EXERCISE DESCRIPTION
Take the line that contains "- High Quality" as the start and the last line of the entries as the end, and print both and everything between them exactly, without the pictures.

RECORDS PROVIDED
......
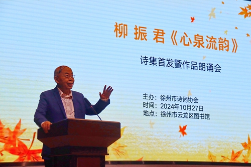 黃淮網(wǎng)(老 驥/文 張傳禮/攝) 金秋時(shí)節(jié),美麗徐州,天高云淡,涼風(fēng)送爽;楓葉如火,丹桂飄香。云龍區(qū)圖書(shū)館內(nèi),群賢畢至,俊采星馳。10月27日上午10時(shí),柳振君新著《心泉流韻》新聞發(fā)布會(huì)序幕開(kāi)啟。參加盛會(huì)的領(lǐng)導(dǎo)和專(zhuān)家學(xué)者有:江蘇師范大學(xué)原校黨委書(shū)記、校長(zhǎng)徐放鳴,江蘇省詩(shī)詞協(xié)會(huì)副會(huì)長(zhǎng)、徐州市人大常委會(huì)原副主任徐崇先,中國(guó)礦業(yè)大學(xué)教授、博士生導(dǎo)師肖慶元,徐州市老新聞工作者協(xié)會(huì)會(huì)長(zhǎng)徐勝民,徐州市作家協(xié)會(huì)原副主席李繼玲,云龍區(qū)文體旅局副局長(zhǎng)張美麗。另外還有來(lái)自本市及外地的作家、書(shū)家、畫(huà)家、朗誦藝術(shù)家和新聞媒體記者。會(huì)議由徐州著名主持人雅君和李佳璐主持。
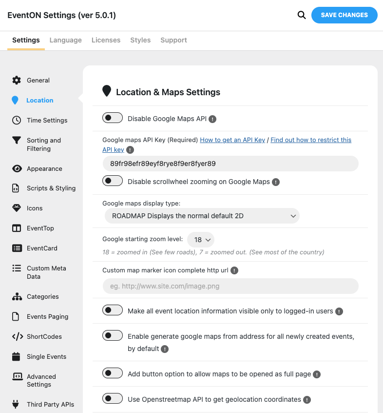 - In your WordPress dashboard, go to EventON > Settings > Google Maps API.
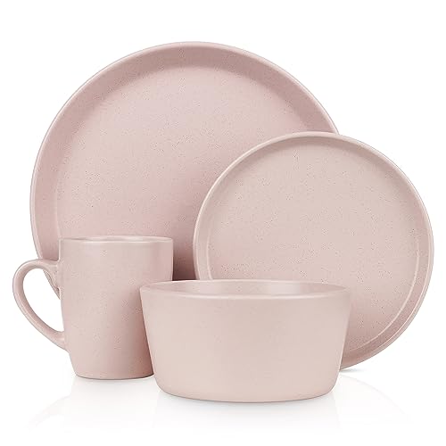 Stone Lain Albie Stoneware 16-Piece Modern Dinnerware Set, Kitchen Plates and Bowls Sets, Dish Set for 4, Pink
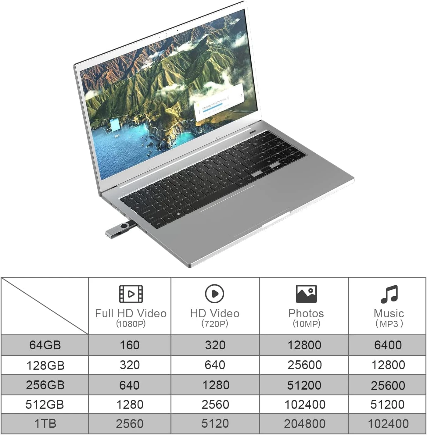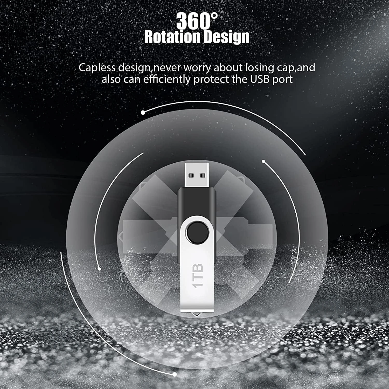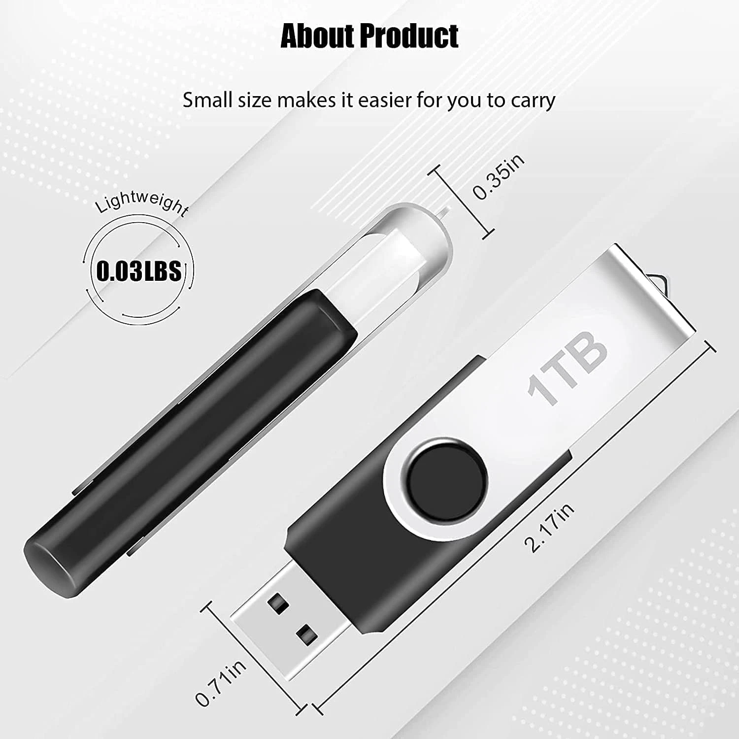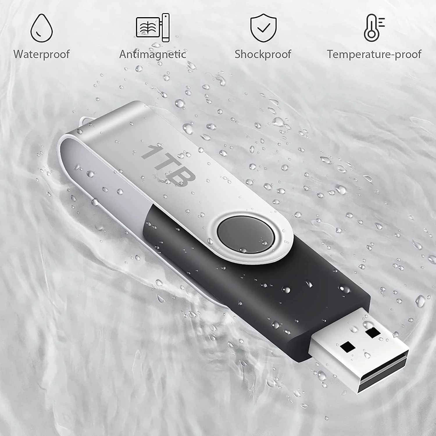- High Quality – USB Flash Drive 1TB features durable and rugged ABS and Metal housing body with rotated design. The inside uses the most advanced imported smart chip, assembled through many complicated and strict processes. Therefore, it has excellent water resistance, magnetic resistance, high-temperature resistance, and X-ray resistance, thus ensuring that its service life far exceeds other similar products, which makes you store your data with more confidence.
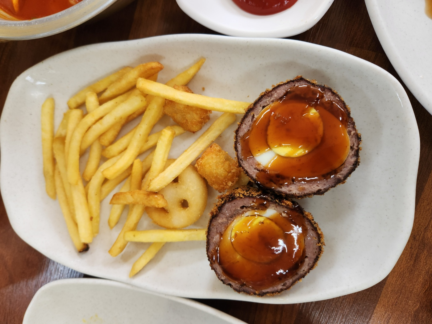 삶은 계란을 떡갈비로 감싸서 튀긴건데
......
ANSWER TO THE PROBLEM
- High Quality – USB Flash Drive 1TB features durable and rugged ABS and Metal housing body with rotated design. The inside uses the most advanced imported smart chip, assembled through many complicated and strict processes. Therefore, it has excellent water resistance, magnetic resistance, high-temperature resistance, and X-ray resistance, thus ensuring that its service life far exceeds other similar products, which makes you store your data with more confidence.
 삶은 계란을 떡갈비로 감싸서 튀긴건데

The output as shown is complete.